Hedge fund managers, or general partners, often work off of a flat fee. The reason for this is a hedge fund is often shared by many partners. As a means of protection, all partners are allotted a share of the fund. This fee is what is considered income for a hedge fund manager. This flat fee comes with carried interest.
What’s with Carried Interest?
Carried interest is often a larger amount than the management fee. The reason this is considered a loophole is the tax that it saves. A partner’s management fee will be taxed at a high rate. Most partners will owe a high tax rate, on the fee, along with social security, Medicare and other typical employment taxes. With carried interest the tax rate is much lower.
How it Helps
With carried interest taxed at 20 percent, versus 30.6 percent of the management fee, taking home a carried interest is much more financially desirable. By earning mostly carried interest, the partner receives a large sum which is out of the ordinary income tax realm.
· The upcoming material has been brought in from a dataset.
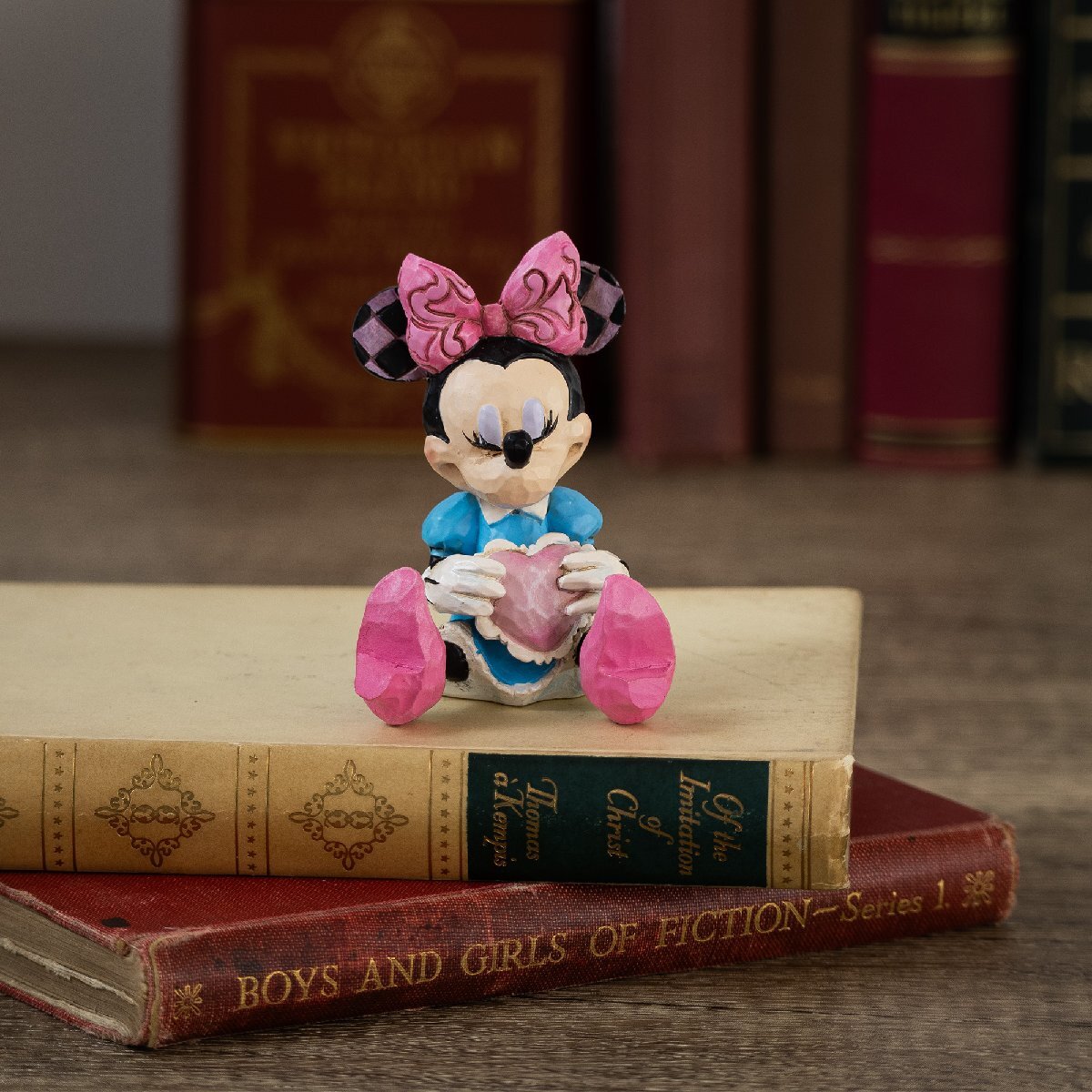 JIM SHOREが手掛けたものでDisney Traditionsからミニーのミニフィギュアが登場。 ミニーが目を細めて心の願いを込めており、胸元にはハートを抱いています。記念日など恋人へのプレゼントとしておすすめです。 高さが約7センチのミニサイズとなっております。

This is one of the reasons why hedge fund partners make more than most but are taxed at a lower rate than the average person.
Closing the Loophole
Carried interest is a loophole; however it is a loophole typically used by those who are hedge fund managers or work in the capital gains business. Some argue that closing this tax loophole may help the federal budget, taking the pressure off of other Americans. Closing the loophole or leaving it open continues to be a heated debate each tax season.